Several good descriptions of the use of the Monte Carlo method in radiative heat transfer,
including participating media, exist [Howell, 1968; Haji-Sheikh, 1988; Modest, 1993]. More
recently, a review of the Monte Carlo method was done by Walters and Buckius [1994] and
concentrates on the reverse Monte Carlo method and the modeling of scattering.
More recently there has been much interest in the use of Monte Carlo in modeling the
spectral behavior of real gases. Besides the work done by Farmer and Howell mentioned
above, Modest [1992] has formulated a Monte Carlo method for gases with spectral line
structure. One-dimensional Monte Carlo simulations have been done for water vapor [Liu and
Tiwari, 1994] and for a mixture of water vapor and carbon dioxide [Taniguchi et al., 1992].
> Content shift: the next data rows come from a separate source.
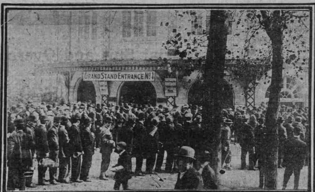
LINEUP FOR TICKETS - PITTSBURG - DETROIT GAMES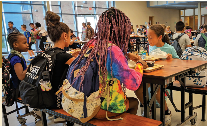
Students eat breakfast in the Hambricht Elementary School cafeteria.

the application process here: https://bit.ly/3qUekx6 .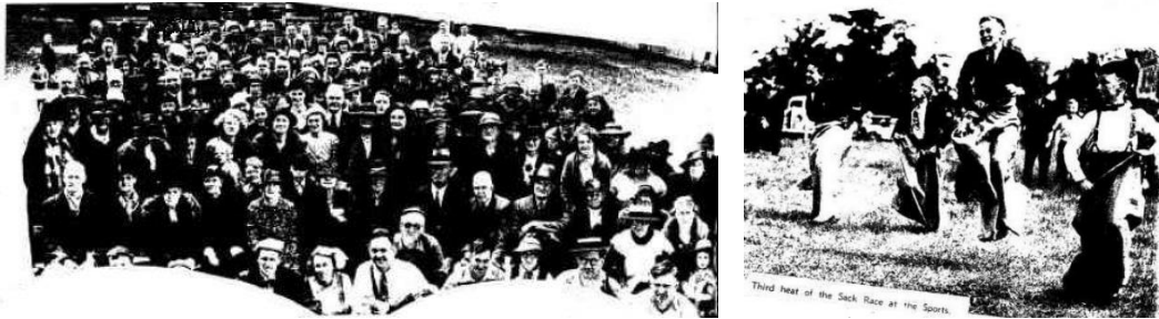
"Back to School" and "Sack Races" supplied by The Weekly Times (November 1937)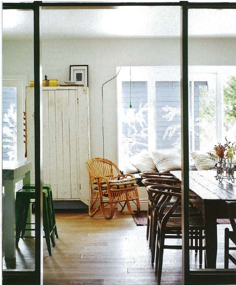
Above: The light-filled dining space is full of eclectic vintage market finds, creating a warm family interior. Below: The bay window banquette in the living space is the perfect spot for reading a book, or simply a cosy place to relax for all members of the family.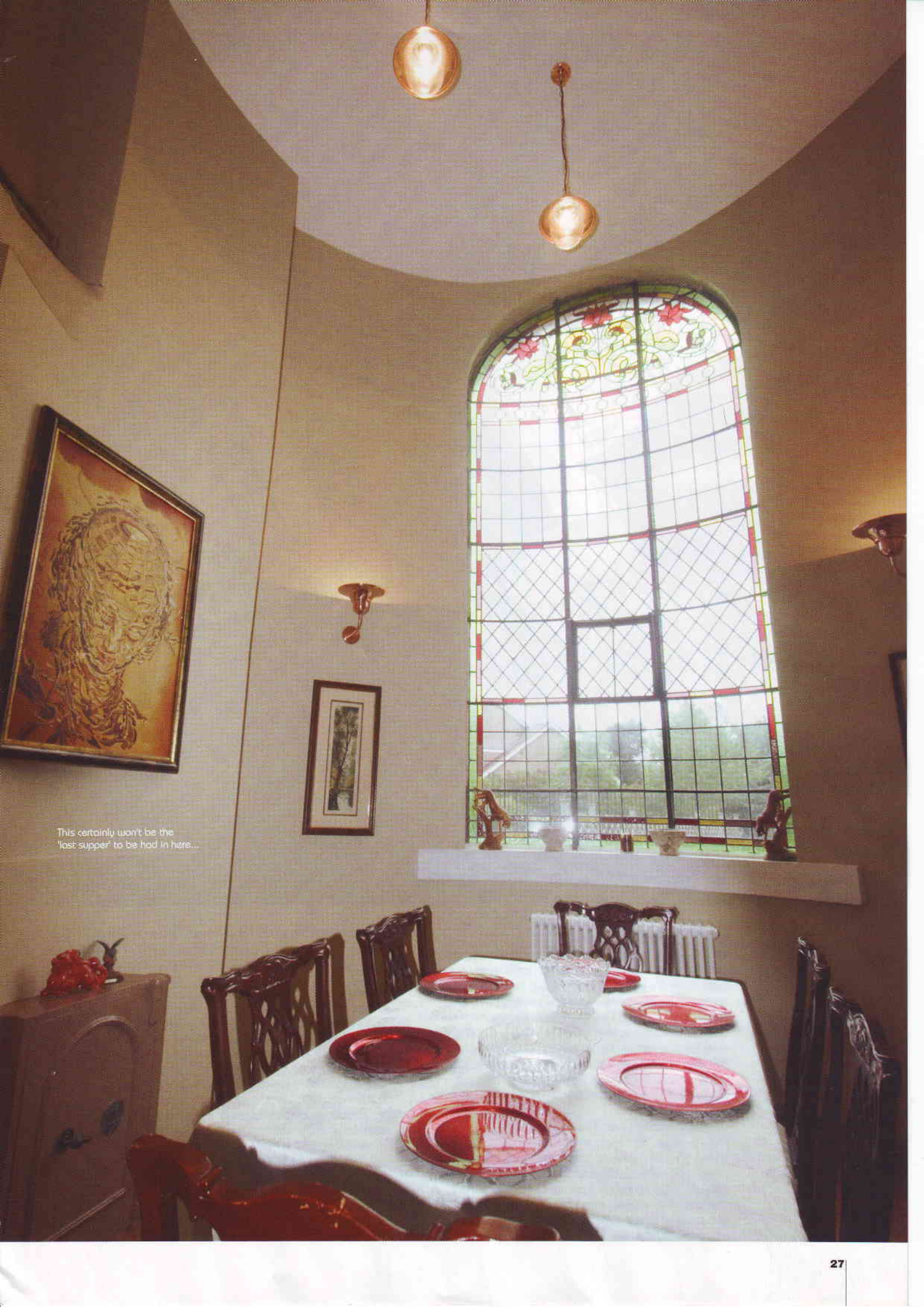
This certainly won't be the "lost supper" to be had in here...

Farmer and Howell [1994b] have also investigated reducing the computational time required
to model spectral effects by using the diffusion approximation [Modest, 1993; Siegel and
Howell, 1992] in optically thick cases.
Although much work has been done on modeling gas radiation by Monte Carlo, very little
work has been done using real geometries except by Farmer and Howell. To find the effects
of gas radiation for most furnaces, efforts must be made to model the complex geometries and
surfaces properties as well.
The present work describes Monte Carlo techniques to model real gas properties and
surface properties which vary with incident angle in complex, two-dimensional enclosures.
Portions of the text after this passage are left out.